Townsend v. State
Decision Date | 21 December 2001 |
Citation | 823 So.2d 717 |
Court | Alabama Court of Criminal Appeals |
Parties | Contrail Kirby TOWNSEND v. STATE. |
Jill Gould, Decatur, for appellant.
Bill Pryor, atty. gen., and James B. Prude, asst. atty. gen., for appellee.
PATTERSON, Retired Appellate Judge.
The appellant, Contrail Kirby Townsend, was convicted of trafficking in cocaine, a violation of § 13A-12-231(2)(a), Ala.Code 1975, and of unlawful distribution of marijuana (two counts), a violation of § 13A-12-211(a). For the trafficking conviction, he was sentenced to a term of imprisonment of 20 years and one day and was ordered to pay a mandatory minimum fine of $ 50,000. For each distribution conviction, he was sentenced to an enhanced sentence of 12 years' imprisonment and was fined $ 5,000. The two sentences for the distribution convictions are to run concurrently. For each of his three convictions, Townsend was also ordered to pay $50 to the Crime Victims Compensation Fund; $1,000 pursuant to the Drug Demand Reduction Assessment Act; $100 to the Alabama Forensic Services Trust Fund; and court costs, including attorney fees.

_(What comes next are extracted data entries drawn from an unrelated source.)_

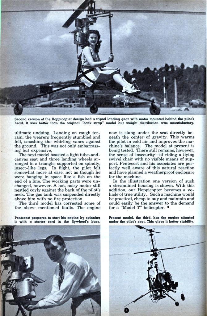 В 1949, это Hoppi-Copter дизайн эволюционировал через 102, 103, и 104 вариации. Этот последний дизайн летел хорошо, но, как и в более ранних моделях, пилоты обнаружили, элементы управления очень чувствительные. Также, как и другие ультра-легкий вертолет проектов, дезориентация была существенная проблема на значительных высотах над землей. Hoppi-Copter пилотов не было никаких самолетов структуры для приведения в соответствие с горизонта, чтобы обеспечить адекватный визуальный справочник для управления самолетом, и вибрации и постоянного движения воздушных судов, оказываемых свои кинестетические чувства бесполезно.
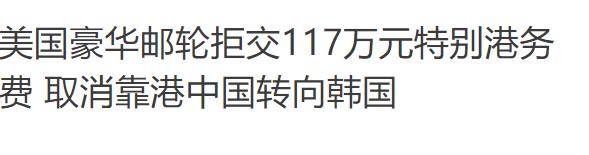 船只收费反制生效!美国一邮轮为拒交1167万港务费,取消挂靠中国港口 10月
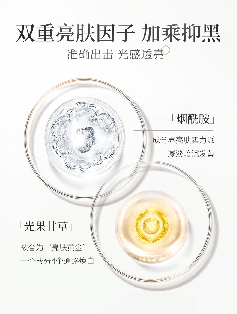 2、煙酰胺X光果甘草:可針對(duì)粗糙暗沉無(wú)光肌膚,加倍提升亮膚效果。
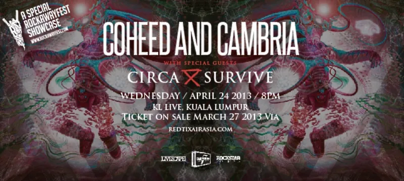 Livescape is pleased to announce their first collaboration with LAMC Productions for the upcoming Rockawayfest Showcase. Get ready for LAMC and Livescape’s first event together; Rockawayfest Showcase presents Coheed and Cambria with special guests Circa Survive on the 24th of April at KL Live.
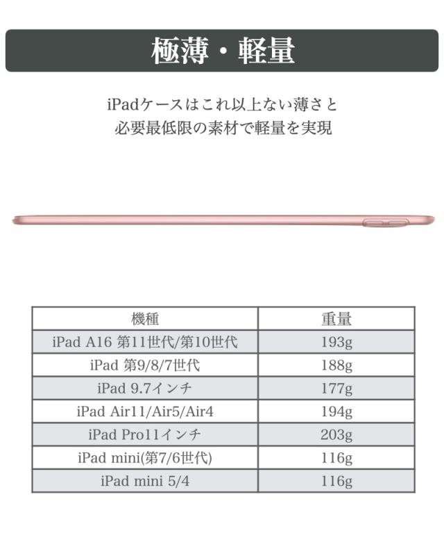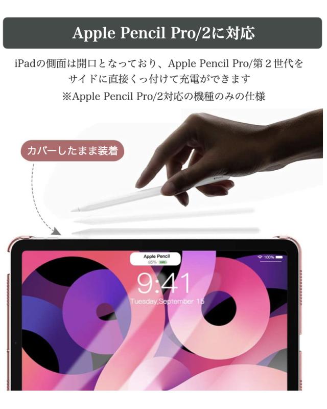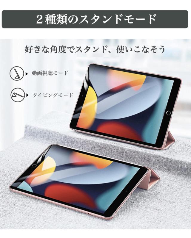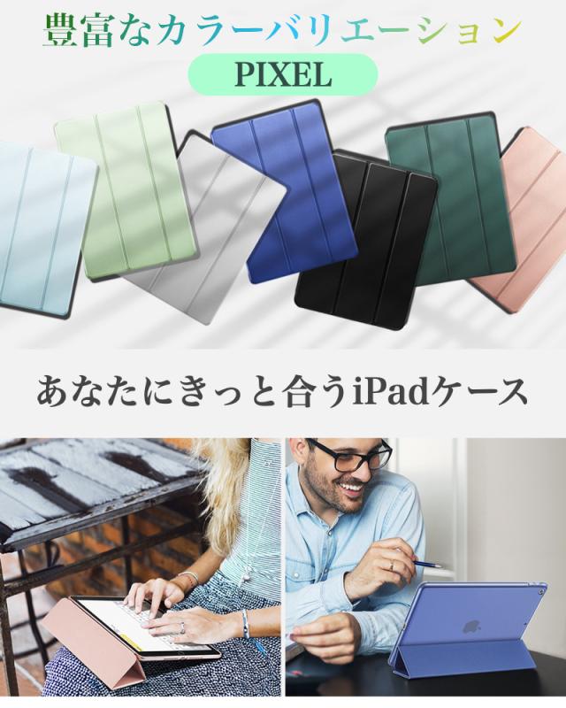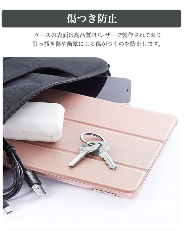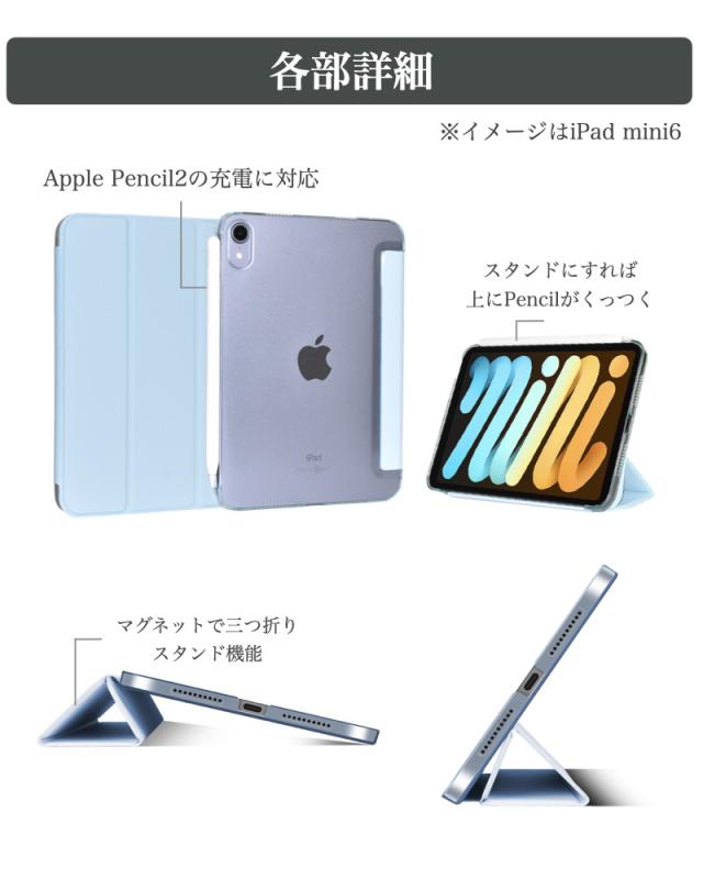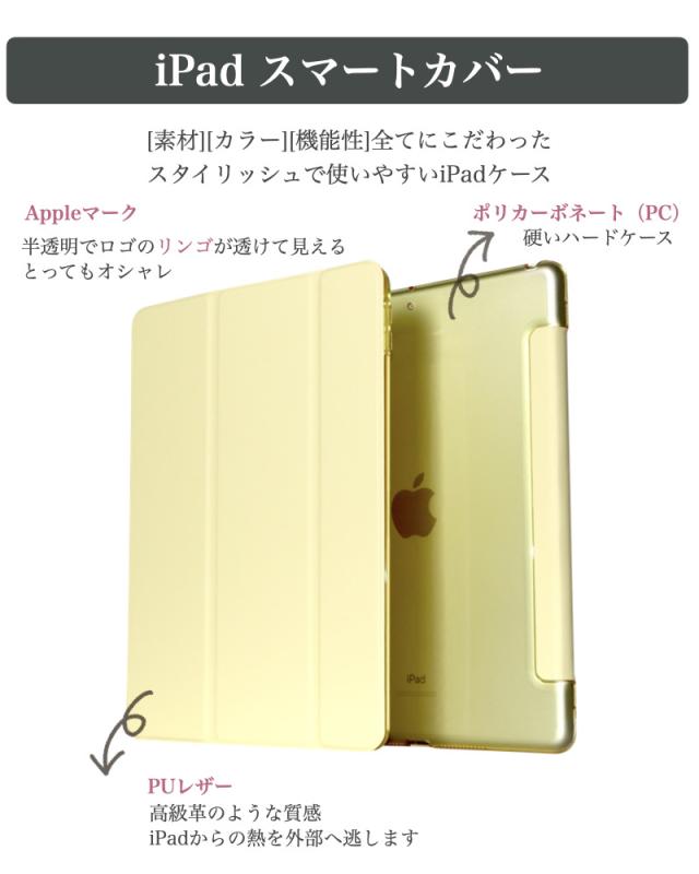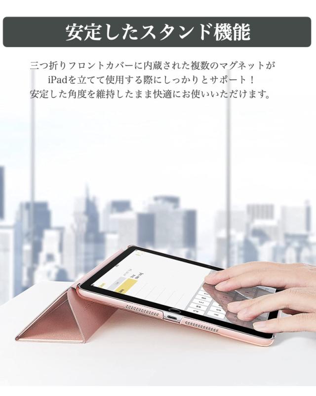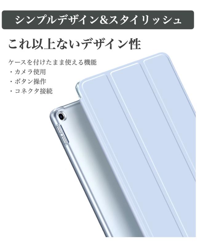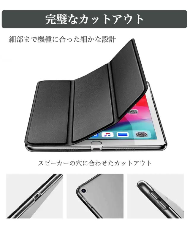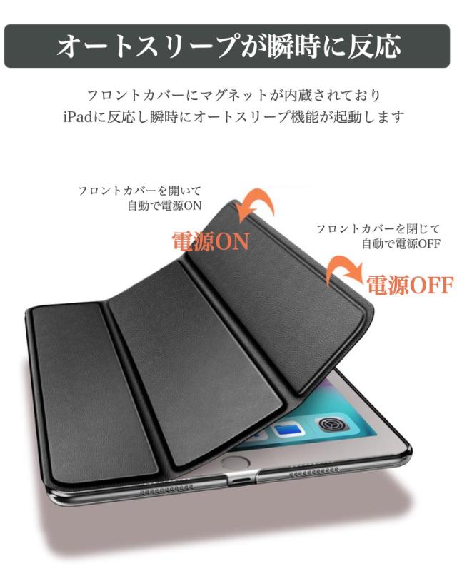 【三つ折りフロントカバー】風呂ふた仕様の三つ折りのフロントカバーは、高品質なPUレザー素材で仕上げられており、この価格では想像できないおしゃれで高級感のあるケースになっています。三つ折りフロントカバーには、複数のマグネットが均等に内蔵されています。【安定したスタンド機能】フロントカバーに内蔵された複数のマグネットにより、安定したスタンド機能をご利用いただけます。タイピングや動画視聴などiPadを立ててご使用の際に、とても便利にご利用いただけます。【半透明バックケース】 バックケースは、三つ折りフロントカバーと同じ色合いの半透明色で、Appleのロゴマークのリンゴがうっすらと透けて見えます。半透明のバックケースには強度のあるポリカーボネート素材を使用しており、傷や指紋が付きにくい特別な処理が施されています。【オートスリープ機能】オートスリープ機能で、バッテリーが無駄に消費してしまうのを防ぎます。

On appeal, Townsend contests only his trafficking conviction. He was convicted for trafficking under § 13A-12-231(2)(a). That section states, in pertinent part, that "[a]ny person who ... is knowingly in actual or constructive possession of, 28 grams or more of cocaine or of any mixture containing cocaine ... is guilty of a felony...." The evidence established that, while fleeing on foot from the police, Townsend discarded a bag containing 22.4 grams of cocaine; that, after Townsend was apprehended that same day, a search of his bedroom in his codefendants' residence produced 17.91 grams of cocaine; and that Townsend admitted ownership of the cocaine found in his bedroom. Townsend contends that the trial court erred in allowing the prosecution to aggregate these separate quantities, each weighing less than 28 grams, to meet the 28-gram minimum requirement for trafficking. He argues that he should have been prosecuted for two separate charges of possession, i.e., for two violations of § 13A-12-212(a)(1), unlawful possession of a controlled substance. He proposes that the two amounts were from "separate and remote locations and with no other evidence to connect the two quantities of cocaine to each other." (Appellant's brief, p. 8.)
Although our review of the applicable caselaw indicates that prosecutors do aggregate the amounts of separate stashes of a controlled substance to support a prosecution for trafficking, see, e.g., Stanberry v. State, 813 So.2d 932 (Ala.Crim.App.2000), Alabama appellate courts have not squarely addressed this issue. In our consideration of this issue, we have surveyed other jurisdictions' treatment of the question. In Commonwealth v. Ortiz, 431 Mass. 134, 725 N.E.2d 1030 (2000), the defendant and his accomplice were found to be in possession of 135.1 grams of heroin when they were arrested and, later that day, pursuant to the defendant's directions, 98.9 grams were seized at a residence. He was convicted of trafficking in heroin in an amount of 200 grams or more. The court addressed the issue, as follows:1
431 Mass. at 135, 137-40, 725 N.E.2d at 1031, 1033-34 ( ).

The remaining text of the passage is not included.